[Data excerpts]
● ● ● ● ● ● ●

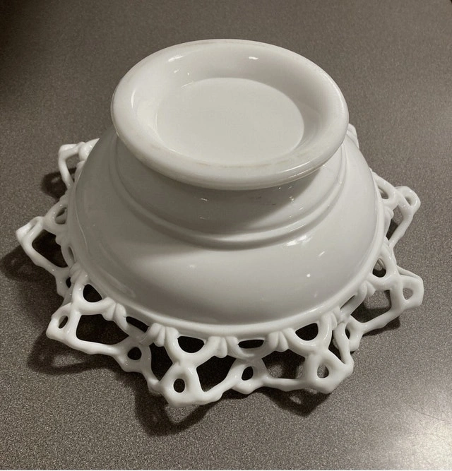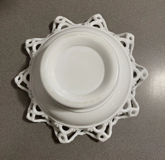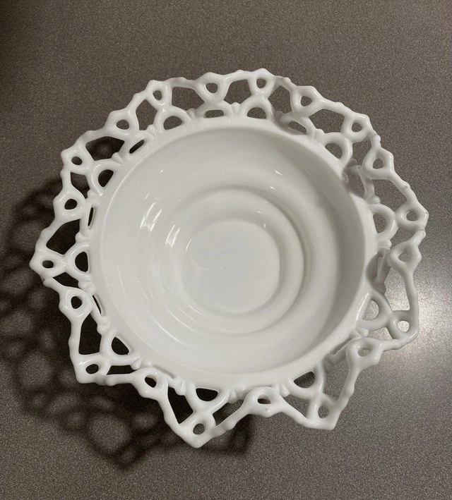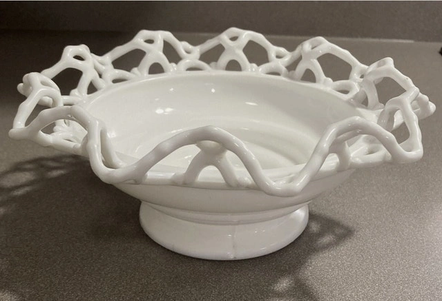 Add a touch of elegance to your home with this beautiful, vintage milk glass pedestal bowl featuring a delicate lace edge. This piece is in great, perfect for displaying fruits, desserts, or as a standalone decorative item. The intricate detailing and classic design make it a charming addition to any table setting or display cabinet. This pedestal bowl adds a touch of vintage charm, like finding a hidden treasure in Grandma's attic! If the ad is up, it's still available. Pick up in Springbank Hill or Royal Oak
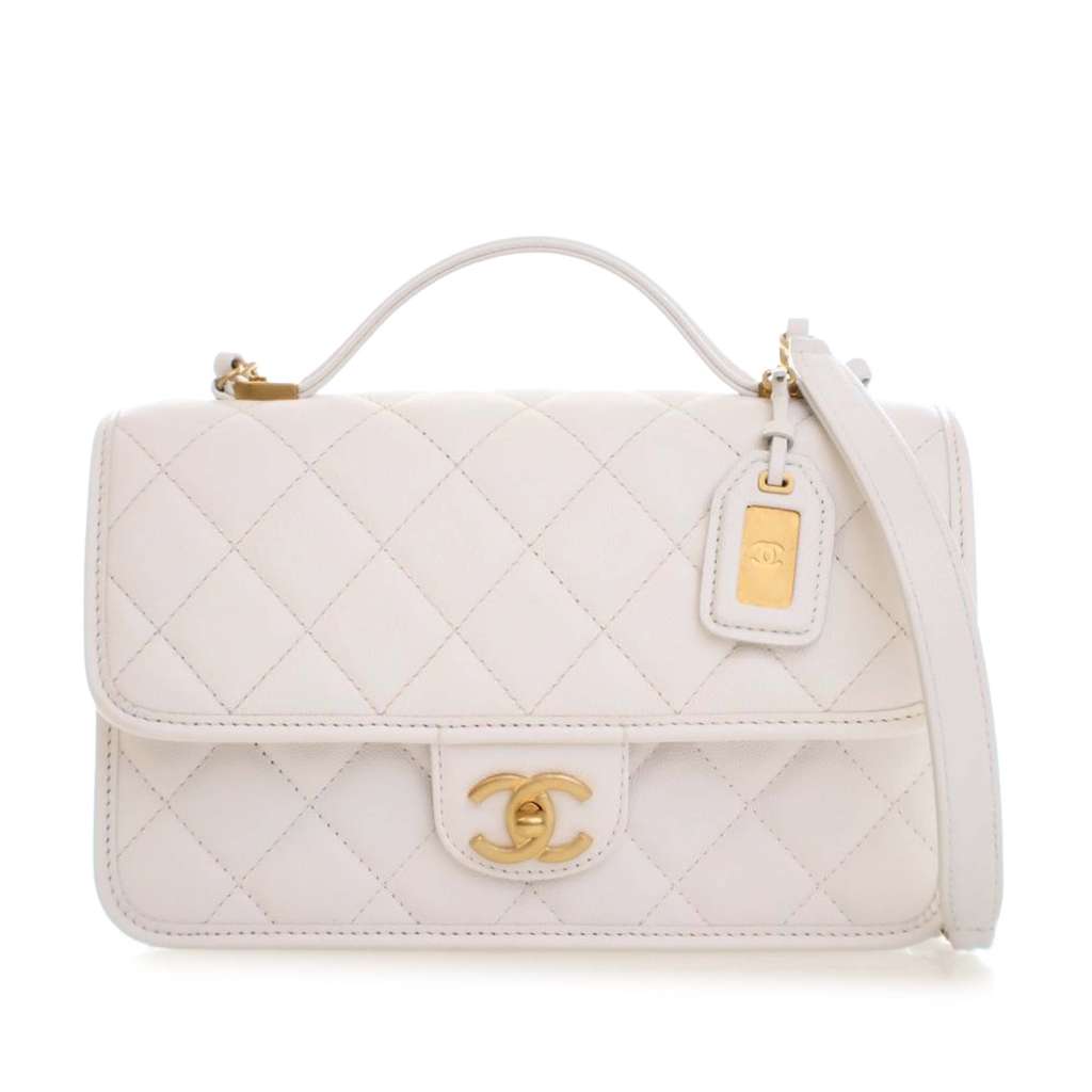 Chanel Medium Quilted Caviar School Memory Top Handle Flap W
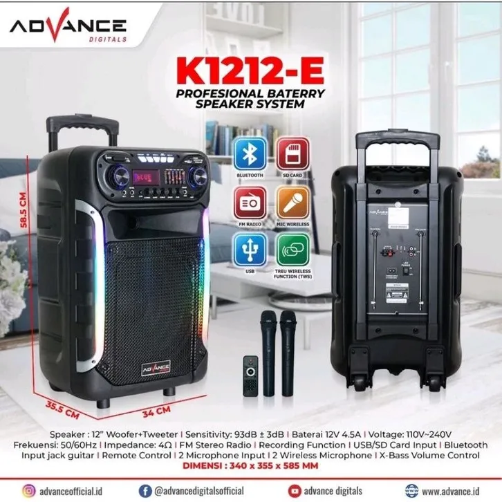 SPEAKER BLUETOOTH ADVANCE K1212E 12 INCH BONUS 2 MIC WIRELESS SPIKER BLUTUT FULL BASS ORIGINAL
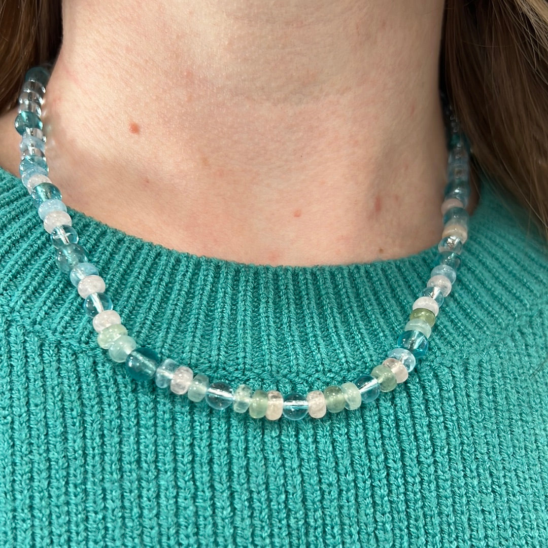 Apatite, Aquamarine, and Pink Beryl Necklace
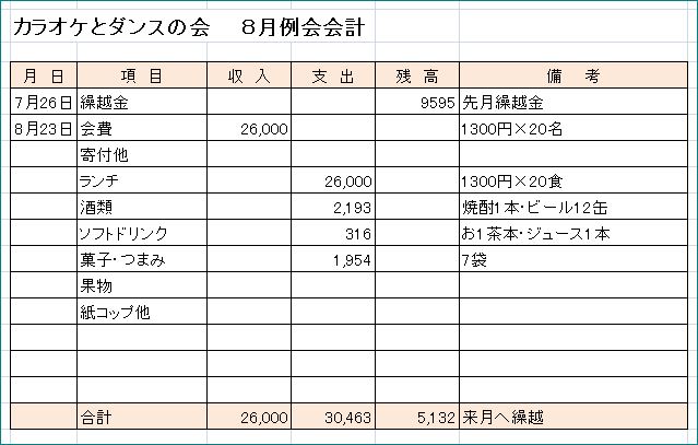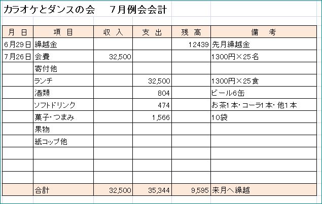 続 7月のカラダン 月替わりでスター誕生です。 投稿者古田悦子 投稿日2016/07/27(Wed) 16:38 No.621 続 7月のカラダン ダンスレッスンから始まりました。 投稿者古田悦子 投稿日2016/07/27(Wed) 16:40 No.622 会計報告 ・ 投稿者宮尾一美 投稿日2016/07/27(Wed) 20:07 No.623
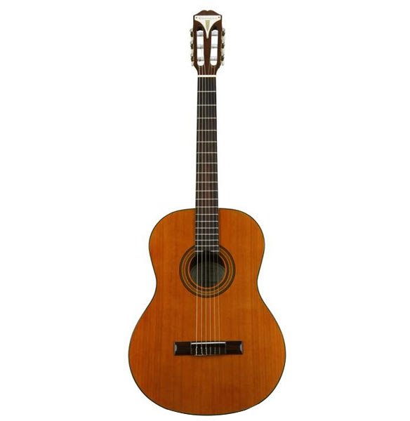 The easy to play Epiphone PRO-1 Classic nylon-string acoustic guitar was designed to help beginning players have a comfortable instrument to play. Made using select cedar and mahogany tonewoods, the PRO-1 Classic's classical-sized body delivers great acoustic tones. The slimmer neck, jumbo frets, light-gauge strings, and shorter nut width help this guitar play easier than most other guitars in its price range. Don't let your instrument be a deterrent to your goal of learning to play guitar. Get the Epiphone PRO-1 Classic nylon-string acoustic guitar today!
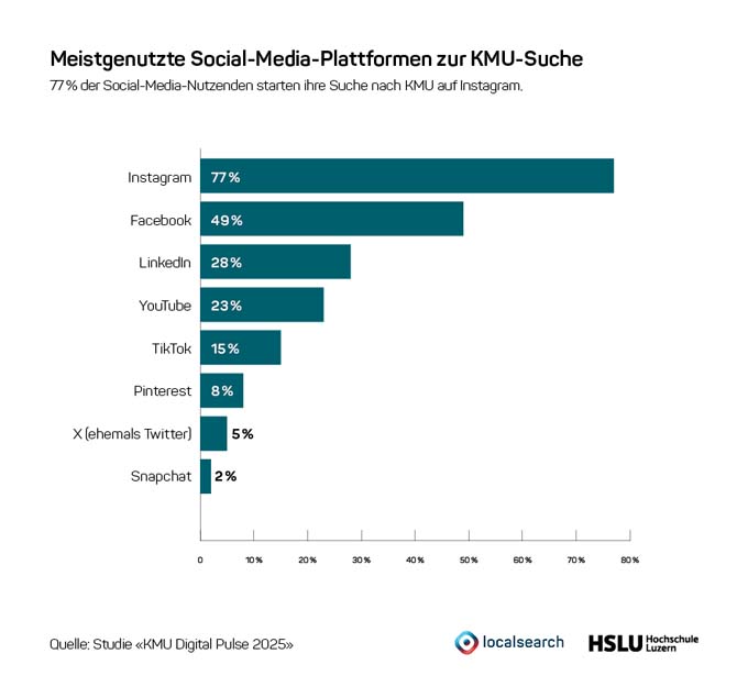 Die Studie «KMU Digital Pulse 2025» von localsearch und der Hochschule Luzern (HSLU) zeigt weitere Ergebnisse, und zwar in Bezug auf die Nutzung von Social Media. So führt in der Gesamtbevölkerung Instagram das Ranking der beliebtesten Plattformen zur KMU-Suche klar an, gefolgt von Facebook und LinkedIn. Bei den unter 30-Jährigen verdrängt TikTok derweil LinkedIn vom dritten Platz.

● ● ● ● ● ● ●

- **What you are asked to do**: From the records above, copy exactly the lines starting at the one with "Chanel Medium Quilted" and ending at the one with "Apatite, Aquamarine, and Pink Beryl Necklace", and no others. Pictures stay out.

- **Solution to the exercise**:
 Chanel Medium Quilted Caviar School Memory Top Handle Flap W
 SPEAKER BLUETOOTH ADVANCE K1212E 12 INCH BONUS 2 MIC WIRELESS SPIKER BLUTUT FULL BASS ORIGINAL
 Apatite, Aquamarine, and Pink Beryl Necklace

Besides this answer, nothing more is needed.